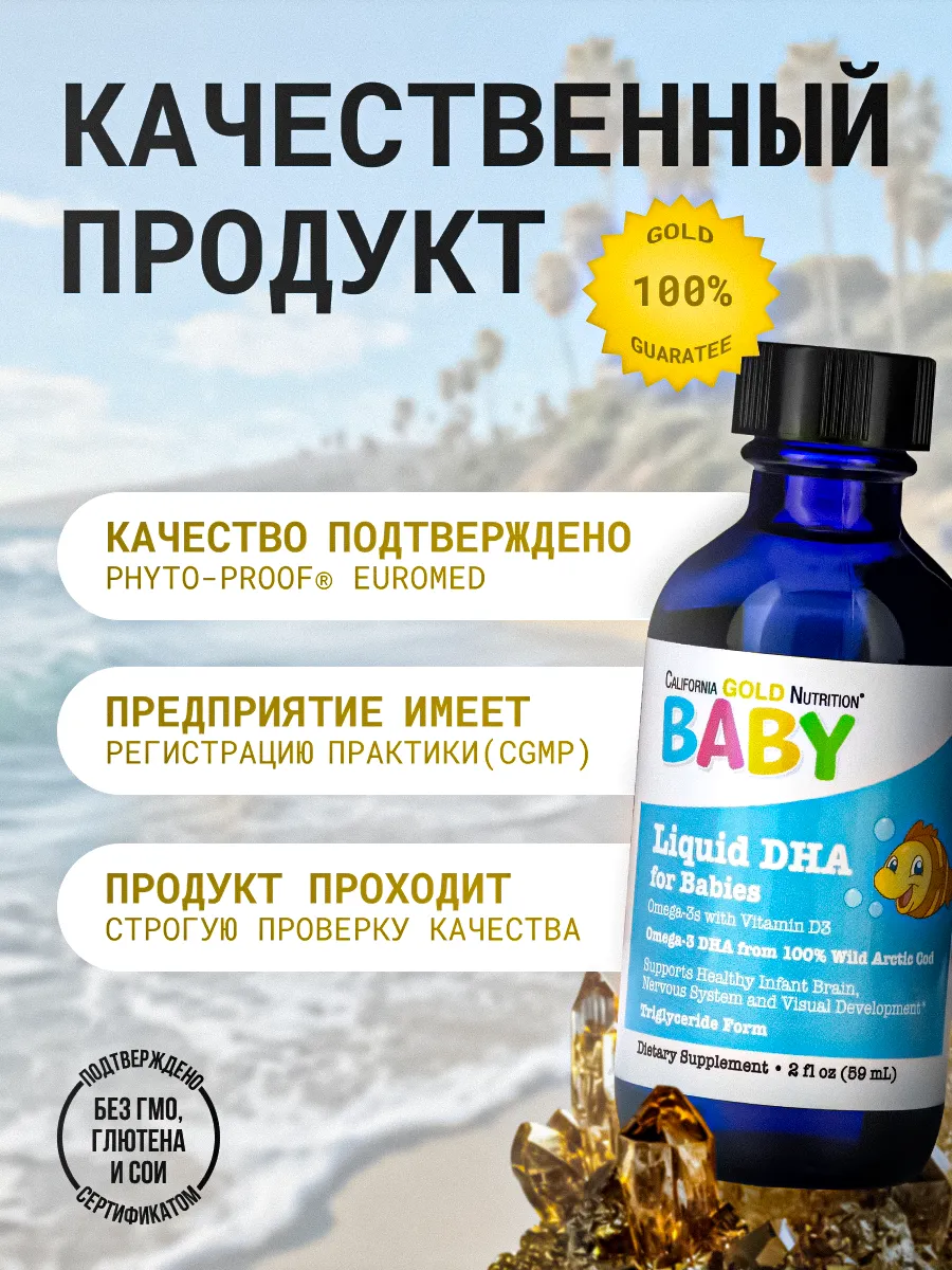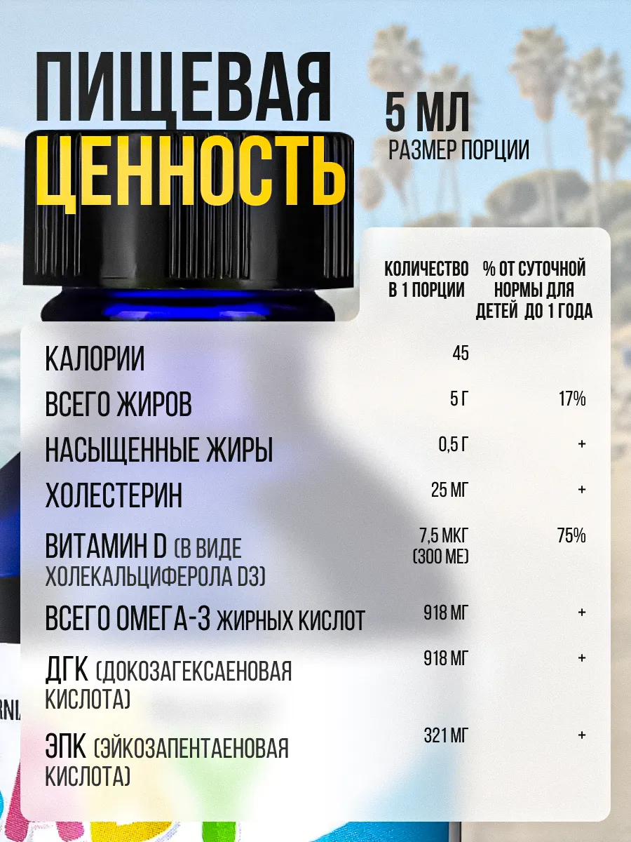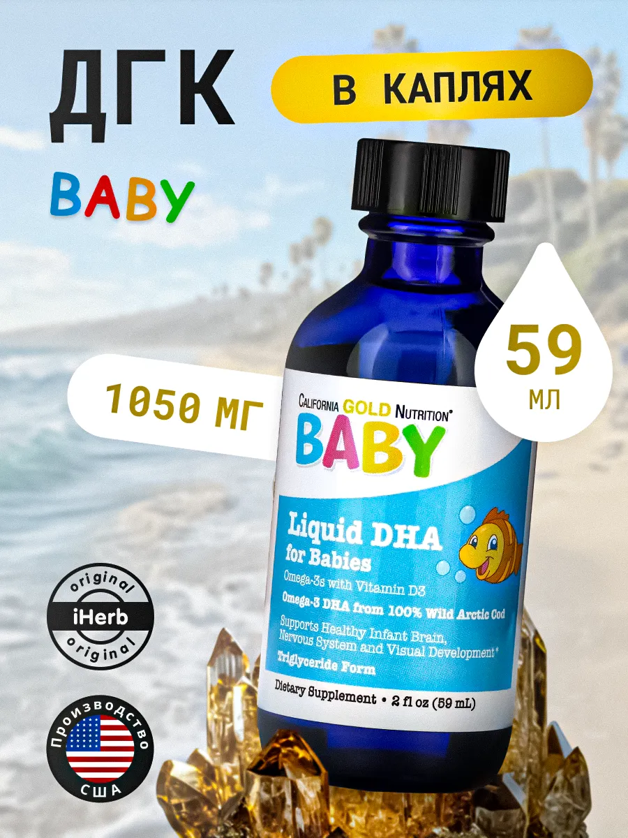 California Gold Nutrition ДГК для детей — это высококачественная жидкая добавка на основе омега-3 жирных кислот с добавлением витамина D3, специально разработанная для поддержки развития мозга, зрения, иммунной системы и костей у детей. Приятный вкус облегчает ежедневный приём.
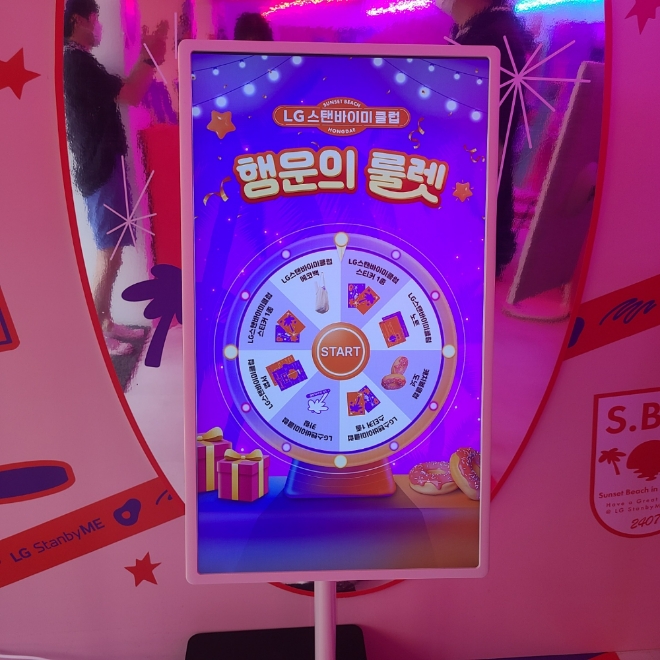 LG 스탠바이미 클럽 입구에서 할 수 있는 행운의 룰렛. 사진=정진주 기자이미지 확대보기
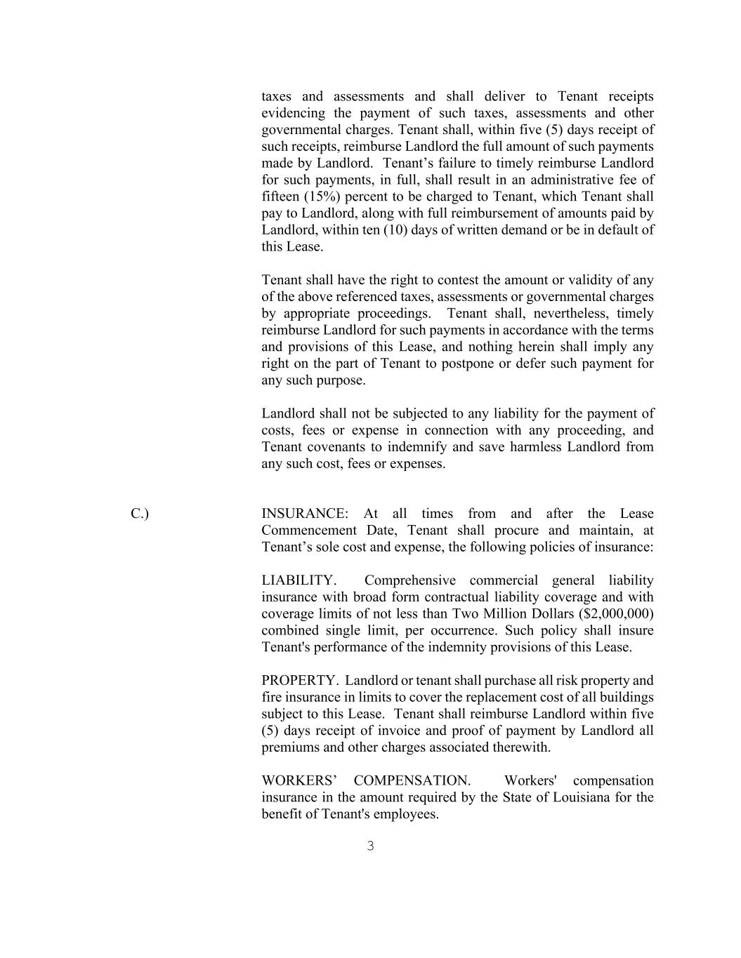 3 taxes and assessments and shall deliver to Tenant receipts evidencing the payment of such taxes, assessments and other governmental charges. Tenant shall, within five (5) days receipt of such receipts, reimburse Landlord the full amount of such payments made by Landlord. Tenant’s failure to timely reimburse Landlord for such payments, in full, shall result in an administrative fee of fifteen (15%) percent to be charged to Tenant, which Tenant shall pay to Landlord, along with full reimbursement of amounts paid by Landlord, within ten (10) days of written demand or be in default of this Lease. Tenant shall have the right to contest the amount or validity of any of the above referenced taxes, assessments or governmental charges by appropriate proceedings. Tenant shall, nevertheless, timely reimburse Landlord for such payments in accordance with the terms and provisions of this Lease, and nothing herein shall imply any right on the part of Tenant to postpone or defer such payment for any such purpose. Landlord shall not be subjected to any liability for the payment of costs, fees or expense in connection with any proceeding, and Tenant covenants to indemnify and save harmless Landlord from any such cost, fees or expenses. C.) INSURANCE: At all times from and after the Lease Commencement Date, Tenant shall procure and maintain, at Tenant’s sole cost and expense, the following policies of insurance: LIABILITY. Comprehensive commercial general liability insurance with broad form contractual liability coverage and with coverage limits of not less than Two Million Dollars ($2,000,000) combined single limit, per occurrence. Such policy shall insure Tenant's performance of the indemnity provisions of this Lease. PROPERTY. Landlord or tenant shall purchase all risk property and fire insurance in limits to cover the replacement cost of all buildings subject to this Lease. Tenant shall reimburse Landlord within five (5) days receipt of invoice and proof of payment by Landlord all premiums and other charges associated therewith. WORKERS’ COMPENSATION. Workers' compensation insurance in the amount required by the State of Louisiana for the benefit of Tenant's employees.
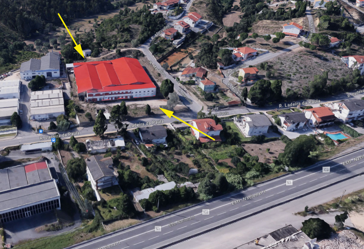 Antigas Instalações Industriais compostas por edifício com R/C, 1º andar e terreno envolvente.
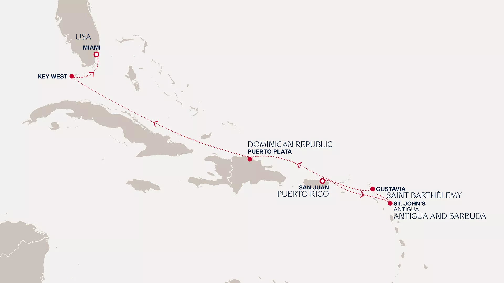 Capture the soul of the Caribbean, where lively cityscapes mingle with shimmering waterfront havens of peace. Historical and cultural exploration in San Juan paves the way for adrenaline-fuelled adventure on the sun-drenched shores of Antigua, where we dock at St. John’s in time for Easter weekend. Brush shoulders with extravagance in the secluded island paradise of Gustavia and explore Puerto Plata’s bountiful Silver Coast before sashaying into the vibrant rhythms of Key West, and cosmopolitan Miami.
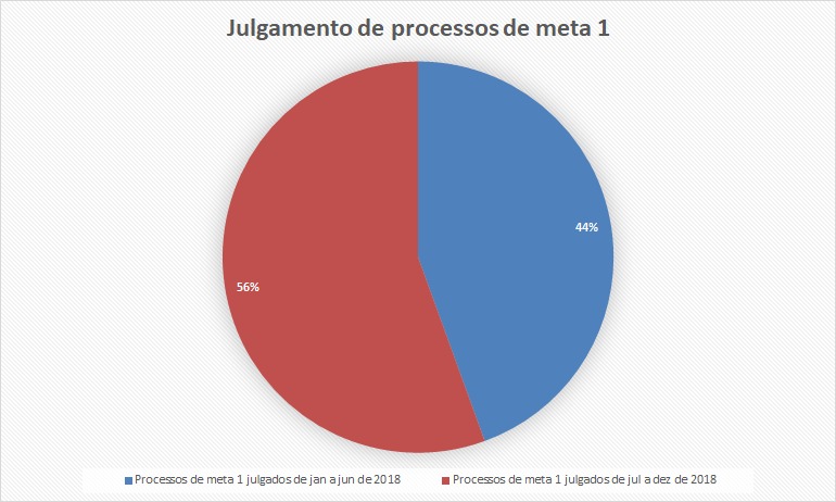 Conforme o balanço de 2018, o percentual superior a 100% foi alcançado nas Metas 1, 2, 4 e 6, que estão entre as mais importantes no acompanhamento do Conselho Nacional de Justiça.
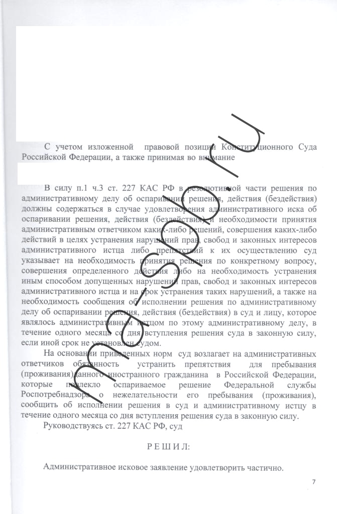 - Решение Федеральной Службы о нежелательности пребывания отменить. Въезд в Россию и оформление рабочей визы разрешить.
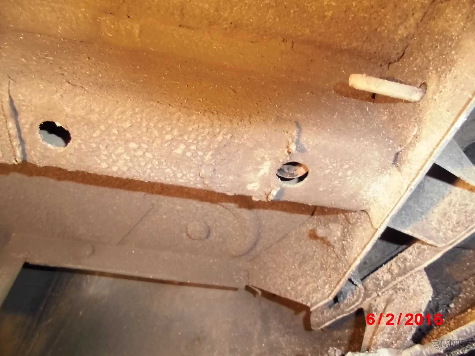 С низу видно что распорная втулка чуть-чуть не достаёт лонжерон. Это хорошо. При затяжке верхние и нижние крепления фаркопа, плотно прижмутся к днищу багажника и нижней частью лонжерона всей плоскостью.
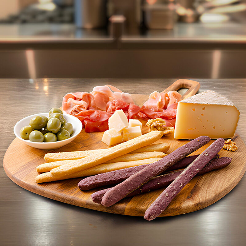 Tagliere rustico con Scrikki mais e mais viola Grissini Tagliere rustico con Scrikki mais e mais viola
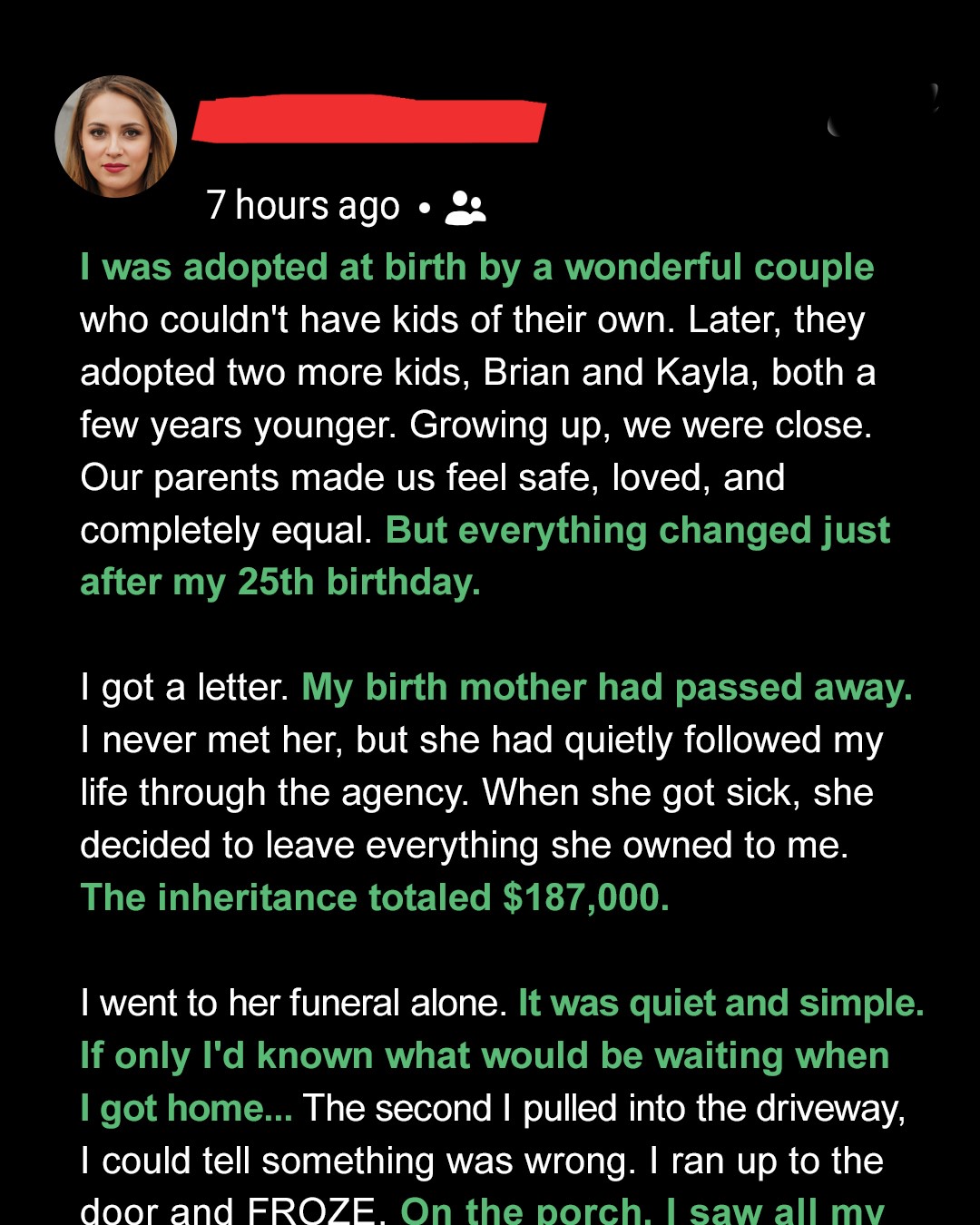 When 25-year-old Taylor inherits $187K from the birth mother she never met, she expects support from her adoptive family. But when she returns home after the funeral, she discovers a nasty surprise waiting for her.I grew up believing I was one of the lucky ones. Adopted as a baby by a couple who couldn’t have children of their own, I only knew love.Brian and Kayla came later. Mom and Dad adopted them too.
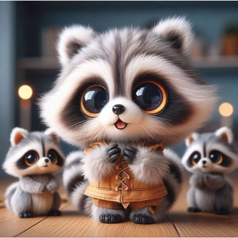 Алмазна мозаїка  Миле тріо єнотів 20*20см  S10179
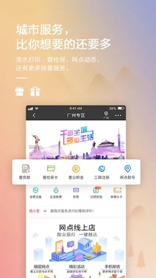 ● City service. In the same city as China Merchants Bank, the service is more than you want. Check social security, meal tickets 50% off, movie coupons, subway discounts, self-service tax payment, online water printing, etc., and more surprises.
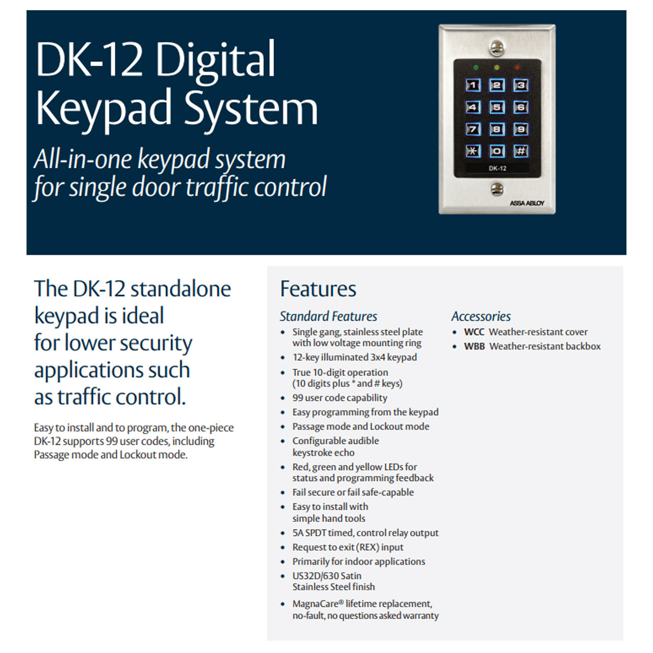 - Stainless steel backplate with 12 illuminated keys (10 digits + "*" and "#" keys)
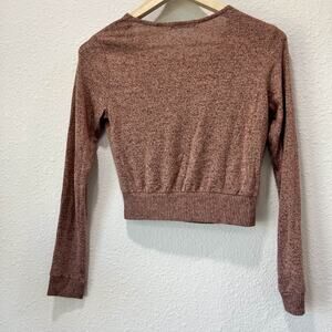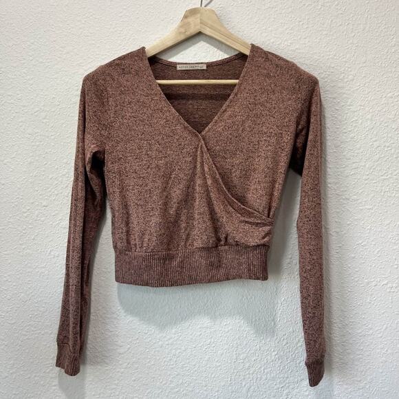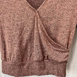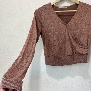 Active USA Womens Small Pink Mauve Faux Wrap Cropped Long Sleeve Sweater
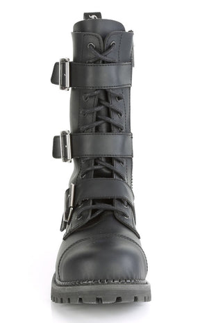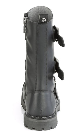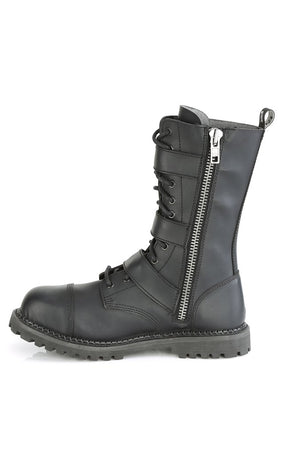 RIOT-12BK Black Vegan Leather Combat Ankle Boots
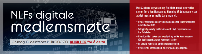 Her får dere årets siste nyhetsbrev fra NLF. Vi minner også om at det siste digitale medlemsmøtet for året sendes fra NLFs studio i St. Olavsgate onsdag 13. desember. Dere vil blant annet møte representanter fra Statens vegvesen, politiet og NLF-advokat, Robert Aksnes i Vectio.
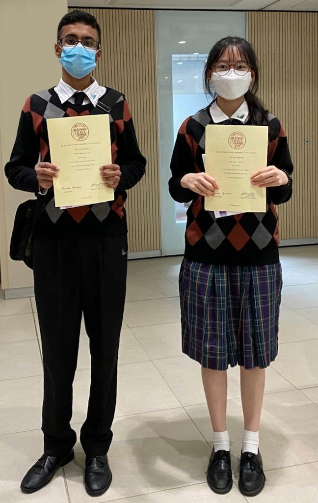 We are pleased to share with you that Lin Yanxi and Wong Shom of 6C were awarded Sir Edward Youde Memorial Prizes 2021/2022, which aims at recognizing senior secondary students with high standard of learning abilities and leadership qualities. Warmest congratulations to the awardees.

> _Task objective_
The whole listing above is to be printed exactly; the pictures stay out.

> _Answer space_
 California Gold Nutrition ДГК для детей — это высококачественная жидкая добавка на основе омега-3 жирных кислот с добавлением витамина D3, специально разработанная для поддержки развития мозга, зрения, иммунной системы и костей у детей. Приятный вкус облегчает ежедневный приём.
 LG 스탠바이미 클럽 입구에서 할 수 있는 행운의 룰렛. 사진=정진주 기자이미지 확대보기
 3 taxes and assessments and shall deliver to Tenant receipts evidencing the payment of such taxes, assessments and other governmental charges. Tenant shall, within five (5) days receipt of such receipts, reimburse Landlord the full amount of such payments made by Landlord. Tenant’s failure to timely reimburse Landlord for such payments, in full, shall result in an administrative fee of fifteen (15%) percent to be charged to Tenant, which Tenant shall pay to Landlord, along with full reimbursement of amounts paid by Landlord, within ten (10) days of written demand or be in default of this Lease. Tenant shall have the right to contest the amount or validity of any of the above referenced taxes, assessments or governmental charges by appropriate proceedings. Tenant shall, nevertheless, timely reimburse Landlord for such payments in accordance with the terms and provisions of this Lease, and nothing herein shall imply any right on the part of Tenant to postpone or defer such payment for any such purpose. Landlord shall not be subjected to any liability for the payment of costs, fees or expense in connection with any proceeding, and Tenant covenants to indemnify and save harmless Landlord from any such cost, fees or expenses. C.) INSURANCE: At all times from and after the Lease Commencement Date, Tenant shall procure and maintain, at Tenant’s sole cost and expense, the following policies of insurance: LIABILITY. Comprehensive commercial general liability insurance with broad form contractual liability coverage and with coverage limits of not less than Two Million Dollars ($2,000,000) combined single limit, per occurrence. Such policy shall insure Tenant's performance of the indemnity provisions of this Lease. PROPERTY. Landlord or tenant shall purchase all risk property and fire insurance in limits to cover the replacement cost of all buildings subject to this Lease. Tenant shall reimburse Landlord within five (5) days receipt of invoice and proof of payment by Landlord all premiums and other charges associated therewith. WORKERS’ COMPENSATION. Workers' compensation insurance in the amount required by the State of Louisiana for the benefit of Tenant's employees.
 Antigas Instalações Industriais compostas por edifício com R/C, 1º andar e terreno envolvente.
 Capture the soul of the Caribbean, where lively cityscapes mingle with shimmering waterfront havens of peace. Historical and cultural exploration in San Juan paves the way for adrenaline-fuelled adventure on the sun-drenched shores of Antigua, where we dock at St. John’s in time for Easter weekend. Brush shoulders with extravagance in the secluded island paradise of Gustavia and explore Puerto Plata’s bountiful Silver Coast before sashaying into the vibrant rhythms of Key West, and cosmopolitan Miami.
 Conforme o balanço de 2018, o percentual superior a 100% foi alcançado nas Metas 1, 2, 4 e 6, que estão entre as mais importantes no acompanhamento do Conselho Nacional de Justiça.
 - Решение Федеральной Службы о нежелательности пребывания отменить. Въезд в Россию и оформление рабочей визы разрешить.
 С низу видно что распорная втулка чуть-чуть не достаёт лонжерон. Это хорошо. При затяжке верхние и нижние крепления фаркопа, плотно прижмутся к днищу багажника и нижней частью лонжерона всей плоскостью.
 Tagliere rustico con Scrikki mais e mais viola Grissini Tagliere rustico con Scrikki mais e mais viola
 When 25-year-old Taylor inherits $187K from the birth mother she never met, she expects support from her adoptive family. But when she returns home after the funeral, she discovers a nasty surprise waiting for her.I grew up believing I was one of the lucky ones. Adopted as a baby by a couple who couldn’t have children of their own, I only knew love.Brian and Kayla came later. Mom and Dad adopted them too.
 Алмазна мозаїка  Миле тріо єнотів 20*20см  S10179
 ● City service. In the same city as China Merchants Bank, the service is more than you want. Check social security, meal tickets 50% off, movie coupons, subway discounts, self-service tax payment, online water printing, etc., and more surprises.
 - Stainless steel backplate with 12 illuminated keys (10 digits + "*" and "#" keys)
 Active USA Womens Small Pink Mauve Faux Wrap Cropped Long Sleeve Sweater
 RIOT-12BK Black Vegan Leather Combat Ankle Boots
 Her får dere årets siste nyhetsbrev fra NLF. Vi minner også om at det siste digitale medlemsmøtet for året sendes fra NLFs studio i St. Olavsgate onsdag 13. desember. Dere vil blant annet møte representanter fra Statens vegvesen, politiet og NLF-advokat, Robert Aksnes i Vectio.
 We are pleased to share with you that Lin Yanxi and Wong Shom of 6C were awarded Sir Edward Youde Memorial Prizes 2021/2022, which aims at recognizing senior secondary students with high standard of learning abilities and leadership qualities. Warmest congratulations to the awardees.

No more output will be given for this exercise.